Em Conceição da Linha Feijó também estão as origens do antigo fotógrafo e colaborador da Indústria Caxiense de Molduras Valério Zattera (1911-1996), cuja trajetória já foi abordada neste espaço. Ele foi o primogênito dos cinco filhos do casal Domenico Zattera e Melânia Lora, irmã de Magdalena Lora.
Unidos por um fio
Em suas pesquisas sobre a família Zattera, para o encaminhamento da cidadania italiana, Idelene Zattera deparou com curiosidades a respeito das andanças dos antepassados:
“Conta a história que, no mesmo dia, partiram (da Itália) Luiggi, que veio para o Brasil, e mais dois irmãos, um que migrou para os Estados Unidos; o outro para o Canadá, permanecendo na Itália somente o irmão Giuseppe. No dia da partida, a família fez uma grande roca de linha com duas pontas. Os que partiram, ficaram com uma das pontas. Os que na Itália permaneceram, ficaram com a outra ponta. À medida que se distanciavam, a roca ia se desmanchando, e, por mais que se afastassem, simbolicamente permaneciam unidos pelo fio, ao mesmo tempo que ficava a certeza que dificilmente se reencontrariam. Também ficava a certeza que ficariam unidos através dos seus descendentes”.

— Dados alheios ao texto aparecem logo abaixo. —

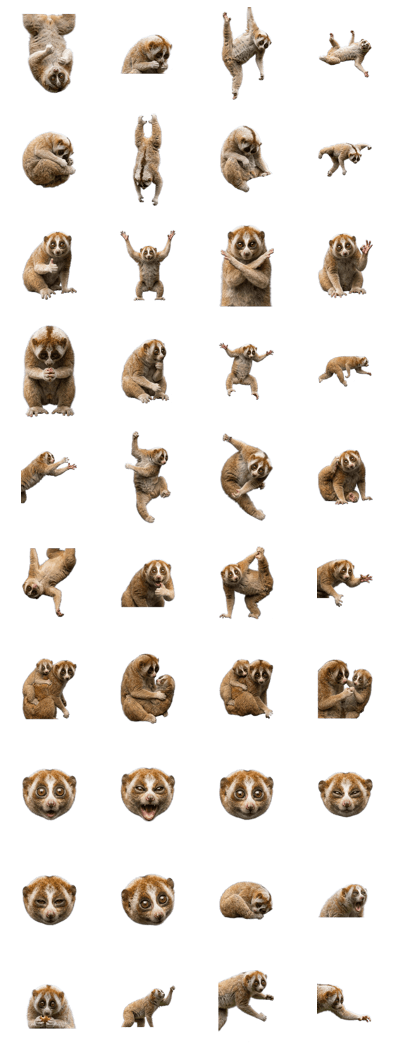 | スタンプ説明 | 写真風リアル動物霊長類夜行性大きな目ゆっくり動くかわいい癒し系もふもふナチュラル自然観察人気日常トーク用LINEスタンプ可愛い動物小動物愛らしい珍しい動物 ※このスタンプはトークルームで大きく表示されるBIGスタンプです。 |

Após cinco anos coletando informações em família, viajando, garimpando fotos, conferindo manuscritos, certidões e listas de passageiros, Idelene costurou toda essa história:
— Posso afirmar que seguimos o desejo dos pais do Luiggi e Giuseppe Zattera: que um dia seus descendentes se reencontrassem e, juntos, reescrevessem sua história.
Parceria
Informações desta página são uma colaboração do casal Idelene de Fátima Zattera e Ricardo Zattera (bisnetos de Menotti e trinetos de Luiggi Zattera) e dos irmãos Flavio e Roberto Zattera (trinetos de Giuseppe Zattera, o único irmão de Luiggi que ficou na Itália).